[Vagnekman-users] Vagn: The new fat nodes are available

Thu Sep 22 14:17:28 CEST 2011

Dear Vagn users,

The new fat nodes a7 and a8 are now available for general use (since
yesterday afternoon). They will be automatically used by jobs that
require large amounts of RAM, or when all other nodes are in use.

Quick HOWTO: Use "interactive --mem=N ..." or "sbatch --mem=N ..." to
request N megabytes of RAM, and the system will automatically start
your job on a fat node if necessary.

Now, while you are in a good mood and I have your attention... please
continue reading for some information on how to use Vagn efficiently
and without causing problems for other users.

The login node
==============
Do not run applications on the login node! It is reserved for
submitting jobs and data transfers to and from the system.

The Time Limit
==============
The default time limit for interactive and batch jobs is 6 days. This
is also the maximum allowed time limit.

If you are not planning to actually run your job or interactive
session for six days, please consider requesting less time. It helps
other users estimate how long they might have to wait in the queue.
For interactive jobs it also reduces the amount of wasted computing
time if you forget to close your interactive session.
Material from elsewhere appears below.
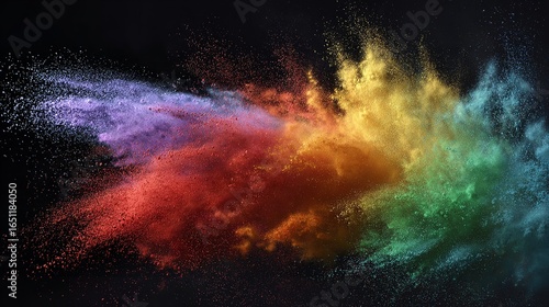 A vibrant explosion of colorful powder paints a vivid spectrum against a stark black backdrop with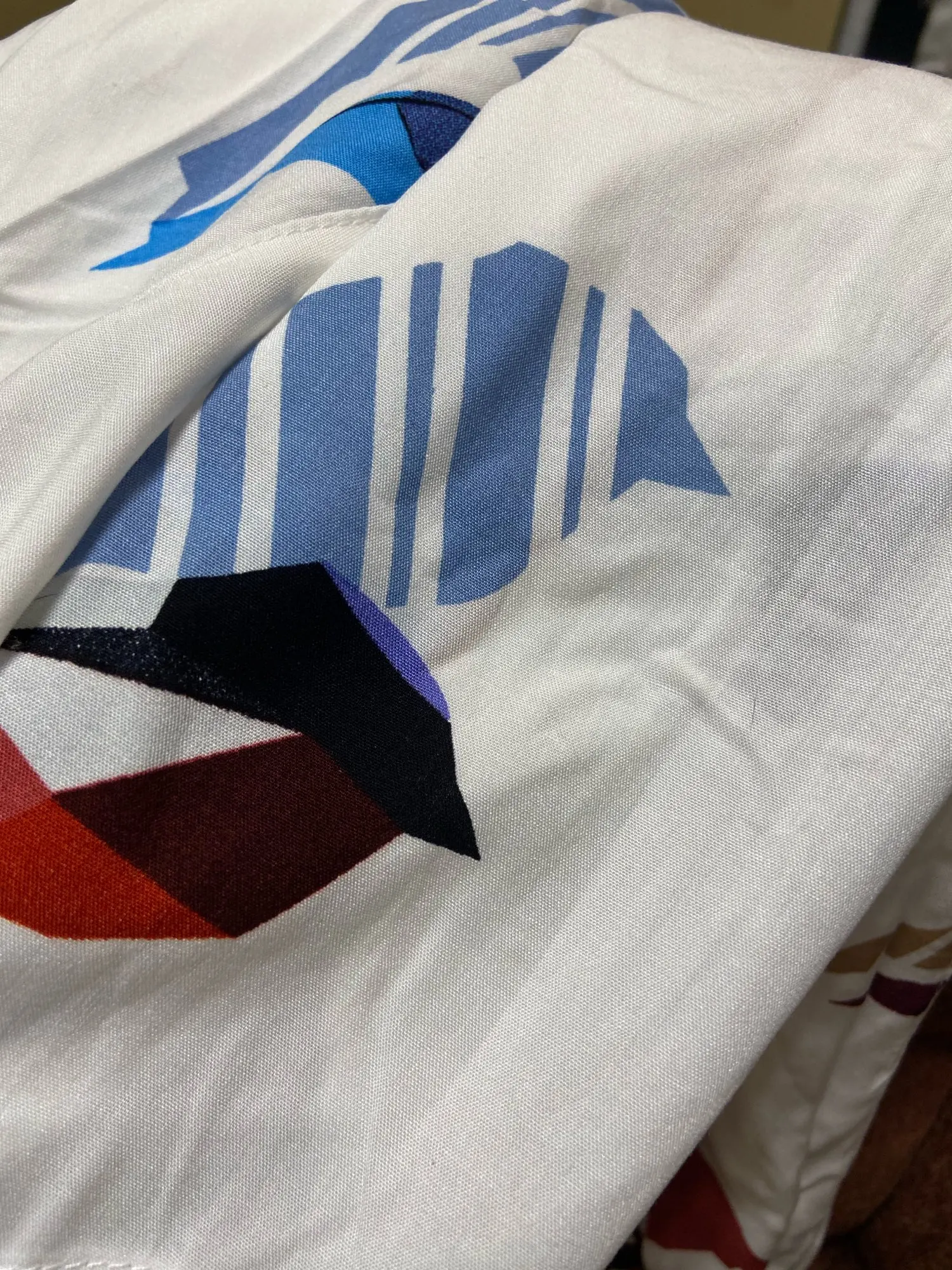 на 44 взяла L,надо было на два размера меньше брать))))состав 100% чего-то там,(вся информация на китайском)ткань холодная к телу,посмотрим как она будет зимой,цвета и рисунок четкие и яркие в целом довольна,только с размером не угодала!

E.g "interactive -t 3:30:00" will give you a time limit of 3 hours 30 minutes.

Memory and CPU allocation
=========================
The default allocation for is one CPU core and 4GB of RAM for all job
types (batch and interactive).

If you use more than the allocated memory, your job will automatically
be killed. The CPU core limit is not enforced, it is just used to
decide how many jobs can be started on the same node. Please do not
use more CPU cores than you have requested, or other users on the same
node might be affected.

To allocate more or less RAM than the default 4GB, use the --mem=<MB>
option, e.g:

"interactive --mem=24000 -t 8:00:00" will give you one core and 24GB
RAM for 8 hours.

Note: many applications can use more than one CPU core. If you want to
estimate how much CPU your job is using, run "top" and check the %CPU
column for your processes. 100% CPU is equivalent to one full CPU
core. If you run applications that routinely use more than one CPU
core, please request an appropriate number of cores when submitting
the job.

To allocate more than one CPU core on a single node, use "-n" (number
of cores) and "-N1-1" (to avoid getting cores spread out over more
than one node), e.g:

"interactive --mem=24000 -n 4 -N1-1 -t 8:00:00" will give you four
cores and 24GB RAM on one node for 8 hours.
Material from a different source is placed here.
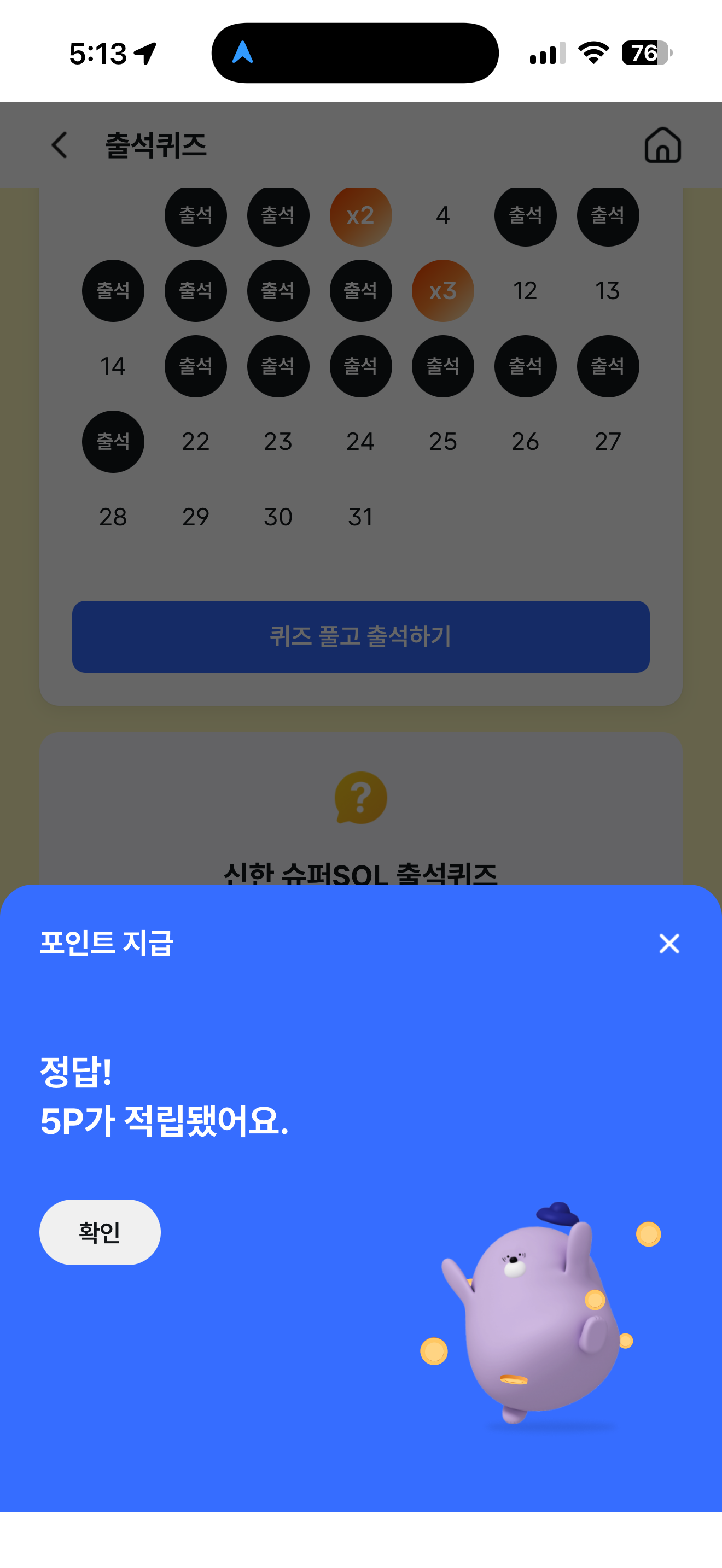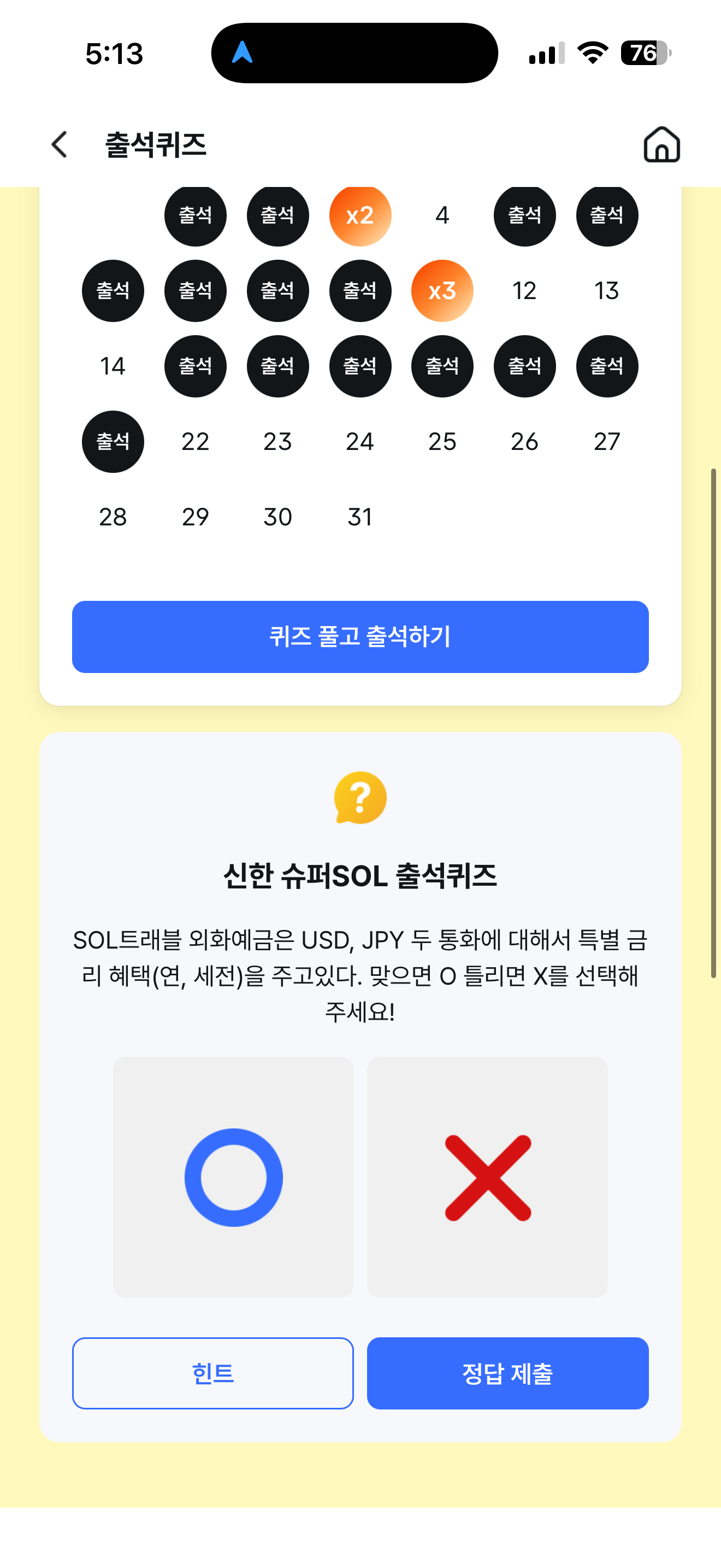 신한 슈퍼SOL 출석퀴즈 정답은 X 입니다

The same options are used for batch jobs, e.g "sbatch --mem=24000 -t 8:00:00".

The noshare partition, and why you should avoid using it
========================================================
If you for some reason require a whole node dedicated to one job, use
the "noshare" partition. When using the noshare partition you must
also request a particular node type (thin=16GB/8 cores, fat=32GB/8
cores, huge=256GB RAM/32 cores) using the -C option. E.g:

"interactive -p noshare -C thin -t 8:00:00" will give you exclusive
access to one 32GB node for 8 hours.

Do not use the noshare partition unless you know that you really need
a whole node for your job!

Note: using --mem instead of the noshare partition will ensure that
your job is started as soon as possible. Why? There is room for 22
jobs submitted with "--mem=32000" in the cluster, but only four jobs
submitted with "-p noshare -C thin". Both will give you 32GB RAM, but
you might have to wait longer in the queue when using noshare.
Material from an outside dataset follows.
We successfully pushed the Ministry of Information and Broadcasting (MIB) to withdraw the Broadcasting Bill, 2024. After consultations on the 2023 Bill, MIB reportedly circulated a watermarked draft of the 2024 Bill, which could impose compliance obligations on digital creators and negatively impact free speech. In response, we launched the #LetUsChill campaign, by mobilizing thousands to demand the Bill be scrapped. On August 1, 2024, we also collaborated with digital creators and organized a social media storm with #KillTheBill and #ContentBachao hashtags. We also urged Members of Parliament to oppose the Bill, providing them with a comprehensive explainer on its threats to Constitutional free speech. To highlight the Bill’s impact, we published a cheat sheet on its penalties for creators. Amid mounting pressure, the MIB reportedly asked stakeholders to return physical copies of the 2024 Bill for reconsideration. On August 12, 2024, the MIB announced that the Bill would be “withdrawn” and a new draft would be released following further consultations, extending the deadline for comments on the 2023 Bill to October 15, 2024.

Limitations on memory and core availability
===========================================
If you request more than 32186 MB RAM your job can only be run on one
of the fat nodes (a6, a7 or a8), which might result in you having to
wait longer for the job to start.

If you request more than 64372 MB RAM your job can only be run on one
of the new fat nodes (a7 or a8), which might result in you having to
wait longer for the job to start.

If you request more than 8 cores on a single node your job can only be
run on one of the new fat nodes, which might increase your queue time.

Unless you are planning to run a job over multiple nodes (e.g using
MPI), you should never request more than 32 cores and 256000 MB RAM
(the maximum that is available in a single fat node).

Running batch jobs without annoying other users
===============================================
Since Vagn is used for both interactive and batch jobs, batch job
users should be careful and not run so many concurrent jobs that it
becomes impossible for other users to start jobs.

Note: because the queue in Vagn is a true FIFO queue, one user can
easily block the entire system for other users by submitting a large
volume of jobs at once.

If you want to submit a lot of jobs at once without disturbing other
users, you can do so by limiting the number of concurrent jobs: use
job naming and the "--dependency=singleton" feature, e.g:

sbatch -J batch1 --dependency=singleton job1.sh
sbatch -J batch2 --dependency=singleton job2.sh
sbatch -J batch3 --dependency=singleton job3.sh
sbatch -J batch1 --dependency=singleton job4.sh
sbatch -J batch2 --dependency=singleton job5.sh
sbatch -J batch3 --dependency=singleton job6.sh
(this submits 6 jobs but no more than 3 can run at any one time)

There are currently no hard limits on the number of jobs a single user
can run or submit, please use common sense!

Common sense can be assisted by checking the queue status before
submitting a large volume of jobs. To get an overview of running and
queued jobs, use the "squeue" command with suitable options, e.g
squeue -o "%.7i %.9P %.8u %.8T %.11L %.11l %.8N %.10m"

All the options "--mem", "-n" etc for interactive and sbatch are
described in the man page for sbatch (run "man sbatch" on Vagn to read
it).

If your application does not work on the fat nodes
==================================================
Please read https://lists.nsc.liu.se/mailman/public/vagnekman-users/2011-July/000221.html

If you cannot get your application working, contact
vagnekman-support at snic.vr.se for assistance.

As a temporary workaround, you can request that your job is only run
on one of the old Intel nodes. Use the option "-C intel" to sbatch or
interactive.

--
Mats Kronberg, NSC Support <vagnekman-support at snic.vr.se>